— TASK —
Begin your copy at the line with "按照我省实施提振消费专项行动" in the records below and end it at the line with "This heart shaped", restating each line word for word; omit the pictures.

— Data records —
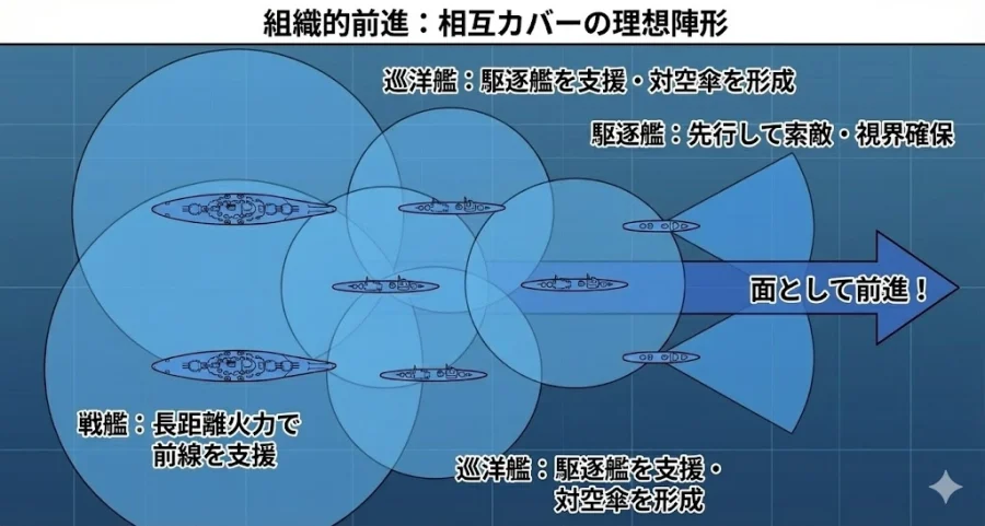 - 駆逐艦が視界を取り、その後ろ5〜10kmに巡洋艦、さらに少し後ろに戦艦がいるような「層」を保ったまま、全体でジリジリと上がる動きです。
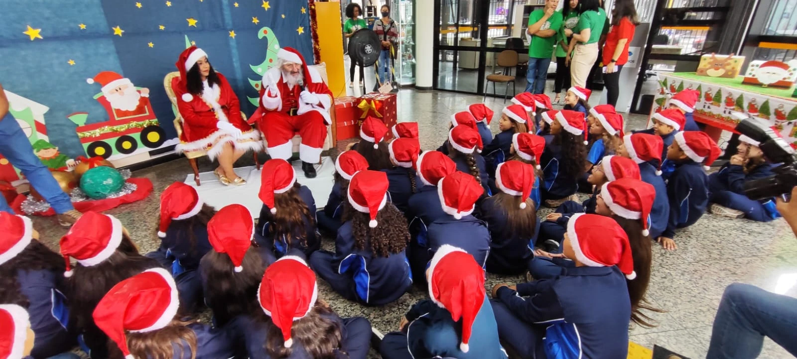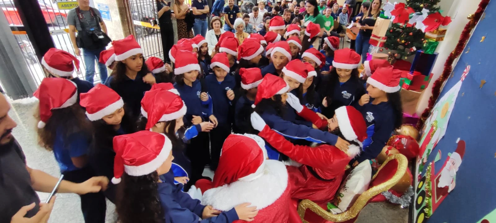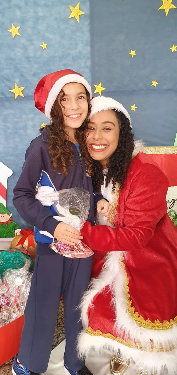 O coral de alunos da Escola Municipal Guaracy Paraná Vieira participou do evento cantando músicas natalinas e recepcionando o Papai e a Mamãe Noel. Simone Pereira Neves, gestora da Rede Municipal de Ensino, destacou a importância da ação. "Esta é mais uma forma da comunidade participar da vida de nossas crianças, demonstrando seu carinho e cuidado, ajudando na criação de boas memórias que serão extremamente relevantes para um crescimento feliz e uma vida adulta saudável para todas elas", considera a secretária de Educação.
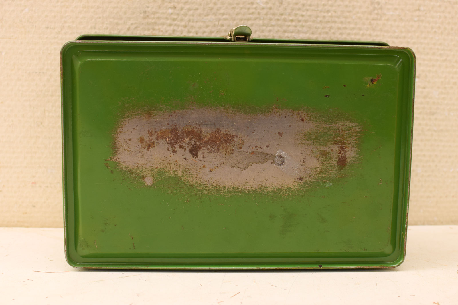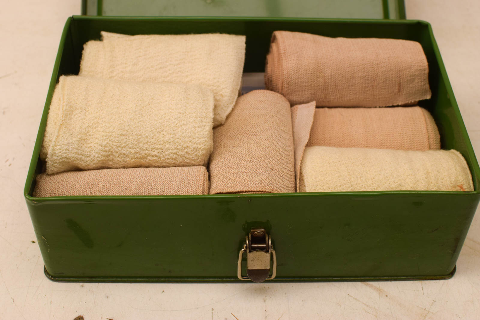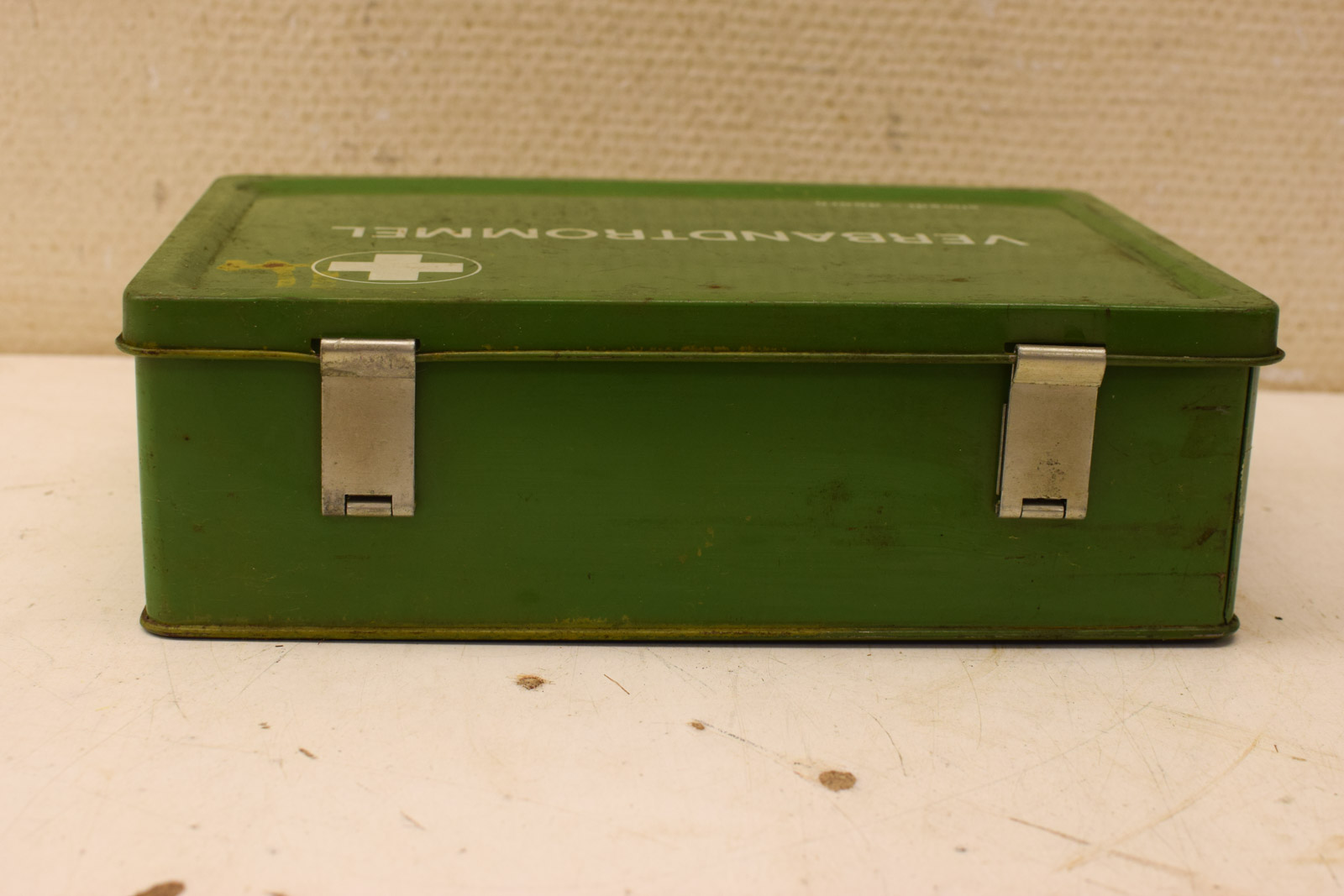 er is nog verband in maar is gebruikt de verbandtrommel heeft roest en gebruikssporen
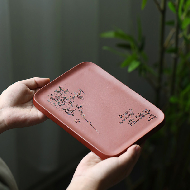 【畅陶】宜兴紫砂壶手工干泡台家用小茶盘茶道配件青段山水壶托
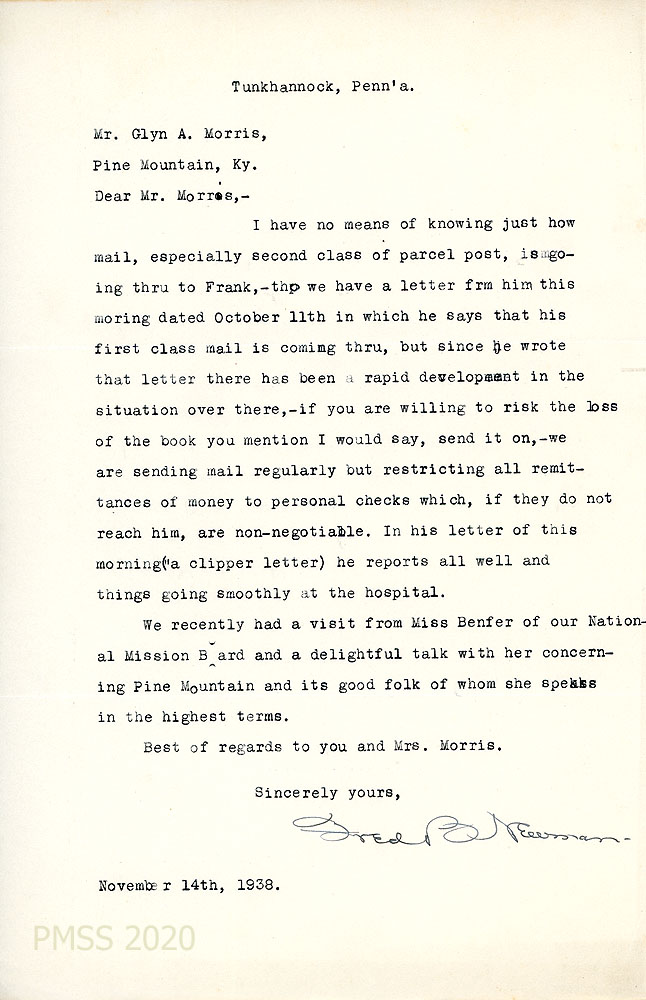 [023] November 14, 1938. To Morris from Fred B. Newman in Tunkhannock, PA, who suggests sending the book to Frank that Morris mentioned, writing that his letters are getting through despite the “situation over there.” Miss Benfer of the National Mission Board visited and they talked about PMSS “and its good folk of whom she speaks in the highest terms.”
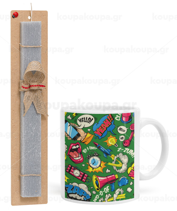 Pop art colorful seamless, Easter Set, Ceramic Cup (330ml) & Easter aromatic flat candle (30cm) (GRAY)
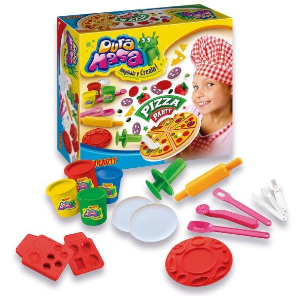 INCLUYE 17 PIEZAS: 3 PLACAS, 2 PLATOS, 3 HERRAMIENTAS, 1 EXTRUSOR, 1 PALO DE AMASAR, 3 CUBIERTOS Y 4 POTES DE MASA
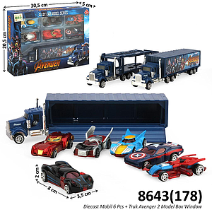 Diecast Mobil Skala Hot Wheels Avengers 6 Pcs dan Truk Trailer 2 Model (Kontainer / Pengangkut Mobil) 1:64 Box Window @48
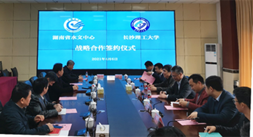 双方签订战略合作协议,并就人才培养、洞庭湖关键技术研究、水环境实验室科研合作、智慧洪水预报及共建科普基地等方面进行了详细会谈,双方一致认为要通过优势互补、资源共享,深入开展长期多元化的合作,实现合作共赢,更好地服务社会。
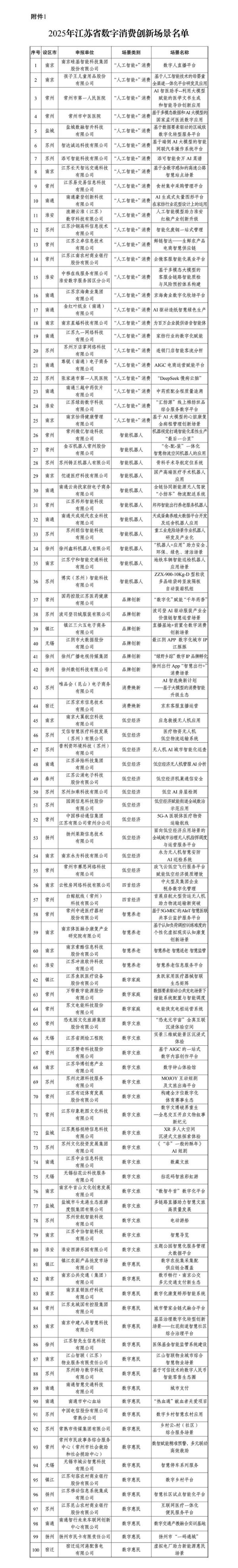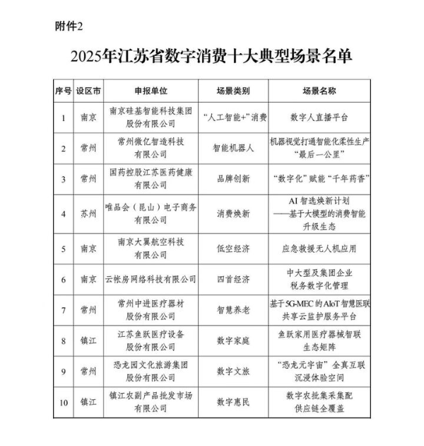 按照我省实施提振消费专项行动工作部署,省数据局联合省发展改革委近期面向全省开展了2025年数字消费创新场景和重点企业培育工作。经地方推荐、合规审查、专家评审、面向社会公示等程序,日前正式确定了100个“江苏省数字消费创新场景”、10个“江苏省数字消费典型场景”、47家“江苏省数字消费重点企业”。
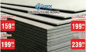 This special is available in various stores, view all products to get the cheapest Gyproc plaster ceiling board. If you'd like to find out whether this product has a bigger discount in another store, check the category 'Wholesale'. You may also find these specials interesting: Gyproc Plaster Ceiling Board 3.0 x 0.900mm x 6.4mm, Ceiling Board 3m x 1.2m 35053 & Rhino Ceiling Board.
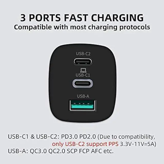 Multi-Protocol Support USB-C1 support PD 3.0 PD 2.0, USB-C2 support PD 3.0 PD 2.0 PPS (Due to compatibility considerations, only USB-C2 supports PPS 3.3V -11V=5A). USB-A port surpport QC 3.0 QC 2.0 SCP FCP AFC etc. This charger is compatible with most USB-C phones, tablets, laptops. Like Samsung Galaxy Series, iPhone Series, Pixel Series etc, Surface Series, Macbook Series, iPad Series.
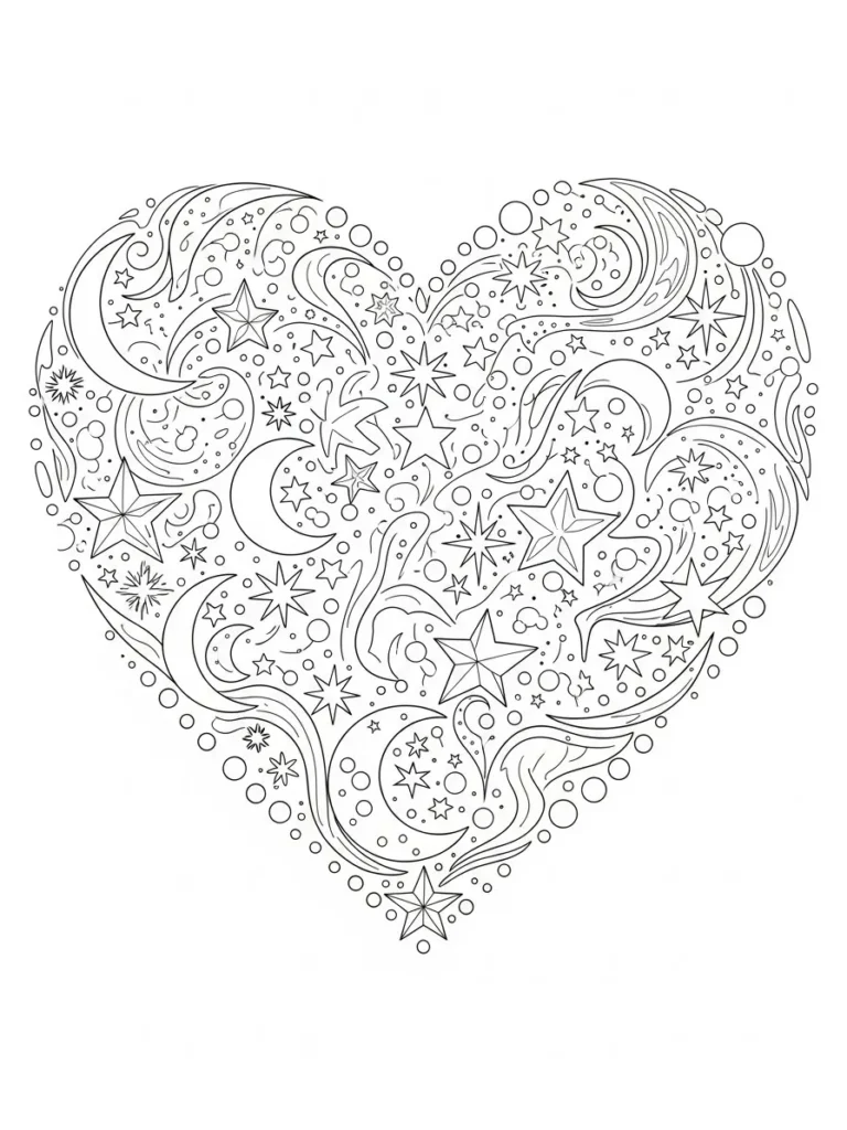 This heart shaped coloring page is packed with dreamy celestial details like crescent moons, twinkling stars, flowing clouds, and swirling night sky patterns. Tiny dots and curved lines fill the background, giving the whole design a magical sense of movement and depth. The line work is fine and detailed, making it perfect for slow and mindful coloring. Everything flows together naturally, creating a cosmic heart that feels both playful and soothing.
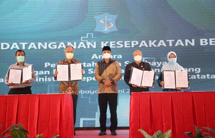 SURABAYATODAY.ID, SURABAYA – Upaya Pemkot Surabaya memperluas jangkauan pelayanan administrasi kependudukan dan pencatatan sipil (adminduk) terus dilakukan. Terbaru, Wali Kota Surabaya Eri Cahyadi melakukan Penandatanganan Nota Kesepakatan Bersama (MoU), antara Pemkot Surabaya dengan 38 rumah sakit (RS), dan 80 bidan maupun klinik di Kota Pahlawan.
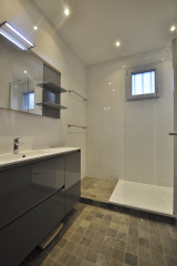 Garage (chaudière gaz), buanderie et wc (26 m²). Combles aménageables isolés.
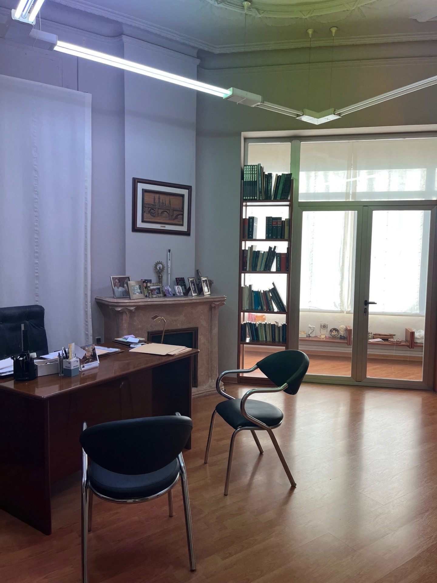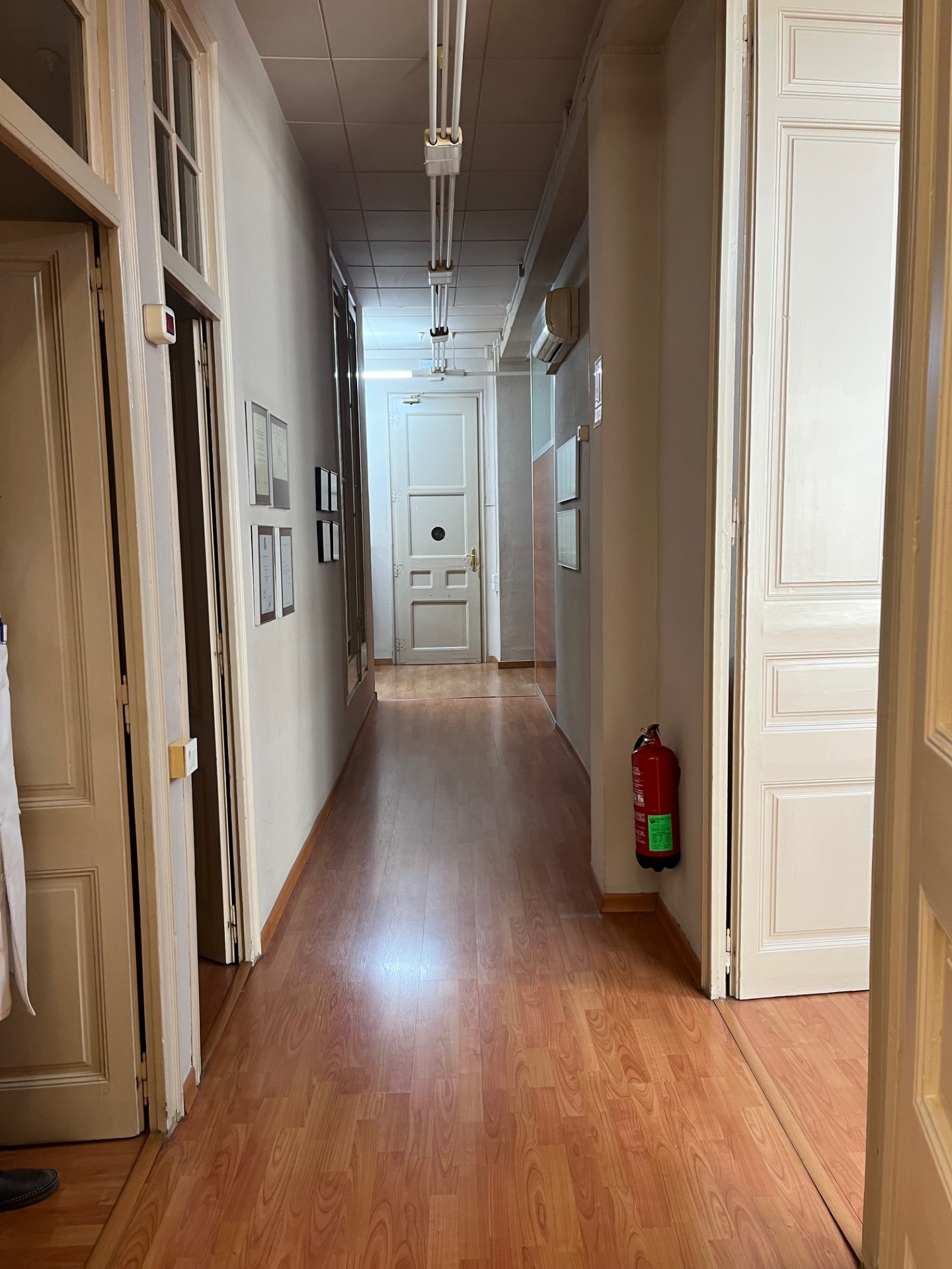 La consulta médica se ubica en un amplio piso de 200 metros cuadrados, actualmente distribuido en siete salas independientes y un espacioso despacho principal. Dispone además de dos baños, una cocina y una cómoda sala de espera para los pacientes. La vivienda destaca por sus techos altos y grandes ventanales, que aportan abundante luz natural y crean un ambiente agradable, luminoso y acogedor, ideal para el desarrollo de la actividad sanitaria.
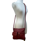 Tignanello Women’s Red Leather Exterior Magnetic Flap Pockets Crossbody Bag
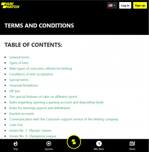 Son olarak, bahis şirketinin cazibe merkezlerine gitmeden önce, onları yöneten şartlar ve koşullar (https://global.parimatch.com/en/terms-and-conditions#id10) hakkında bilgi edinmek akıllıca olacaktır.
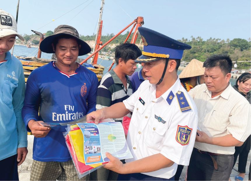 Trung tá Vũ Đình Ngà phát tờ rơi tuyên truyền phòng chống IUU cho ngư dân.
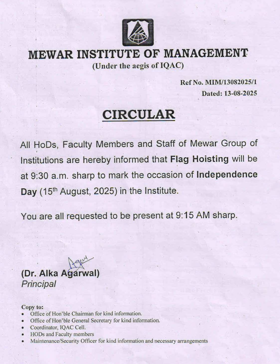 13-08-2025 Institute are hereby informed that Flag Hosting will be 15th August 2025 at 9:30 AM occasion of Independence Day. View PDF
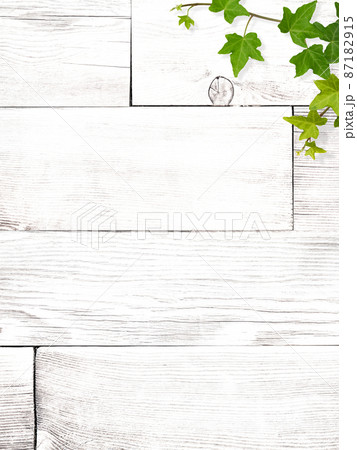 白い木目とアイビーのナチュラルな背景
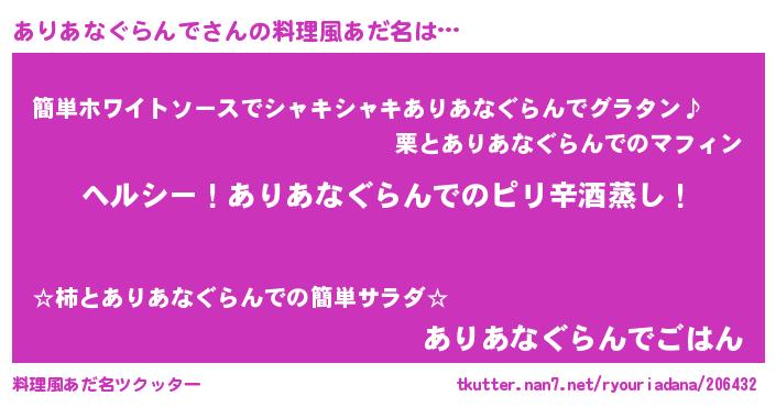 | 意味不明あだ名 | 『自称ありあなぐらんで』 |
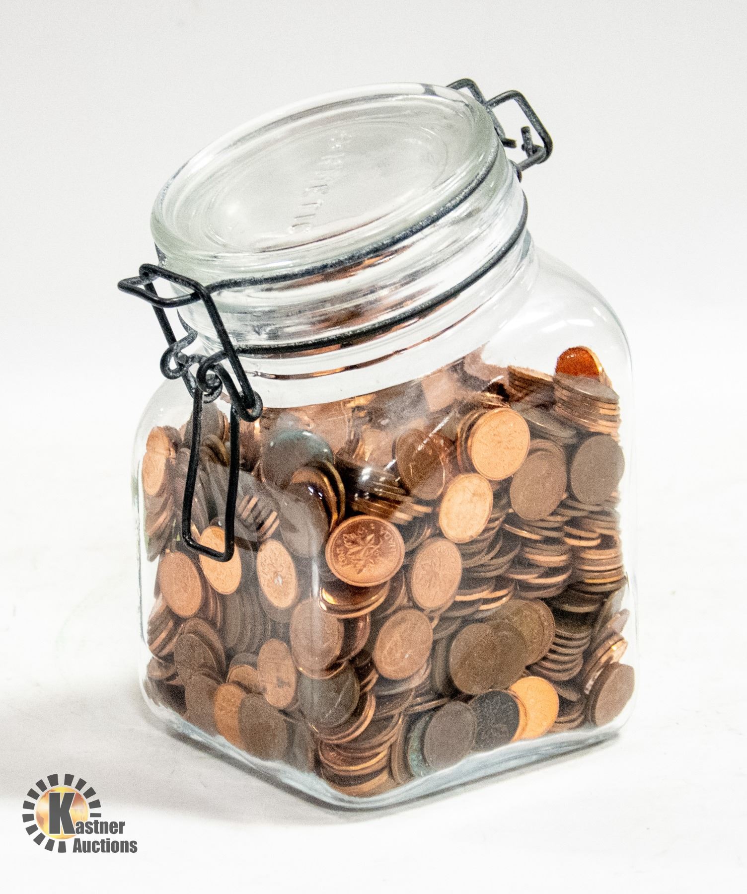 ITALIAN GLASS JAR FULL OF CANADIAN PENNIES

— FINISHED EXERCISE —
 按照我省实施提振消费专项行动工作部署,省数据局联合省发展改革委近期面向全省开展了2025年数字消费创新场景和重点企业培育工作。经地方推荐、合规审查、专家评审、面向社会公示等程序,日前正式确定了100个“江苏省数字消费创新场景”、10个“江苏省数字消费典型场景”、47家“江苏省数字消费重点企业”。
 This special is available in various stores, view all products to get the cheapest Gyproc plaster ceiling board. If you'd like to find out whether this product has a bigger discount in another store, check the category 'Wholesale'. You may also find these specials interesting: Gyproc Plaster Ceiling Board 3.0 x 0.900mm x 6.4mm, Ceiling Board 3m x 1.2m 35053 & Rhino Ceiling Board.
 Multi-Protocol Support USB-C1 support PD 3.0 PD 2.0, USB-C2 support PD 3.0 PD 2.0 PPS (Due to compatibility considerations, only USB-C2 supports PPS 3.3V -11V=5A). USB-A port surpport QC 3.0 QC 2.0 SCP FCP AFC etc. This charger is compatible with most USB-C phones, tablets, laptops. Like Samsung Galaxy Series, iPhone Series, Pixel Series etc, Surface Series, Macbook Series, iPad Series.
 This heart shaped coloring page is packed with dreamy celestial details like crescent moons, twinkling stars, flowing clouds, and swirling night sky patterns. Tiny dots and curved lines fill the background, giving the whole design a magical sense of movement and depth. The line work is fine and detailed, making it perfect for slow and mindful coloring. Everything flows together naturally, creating a cosmic heart that feels both playful and soothing.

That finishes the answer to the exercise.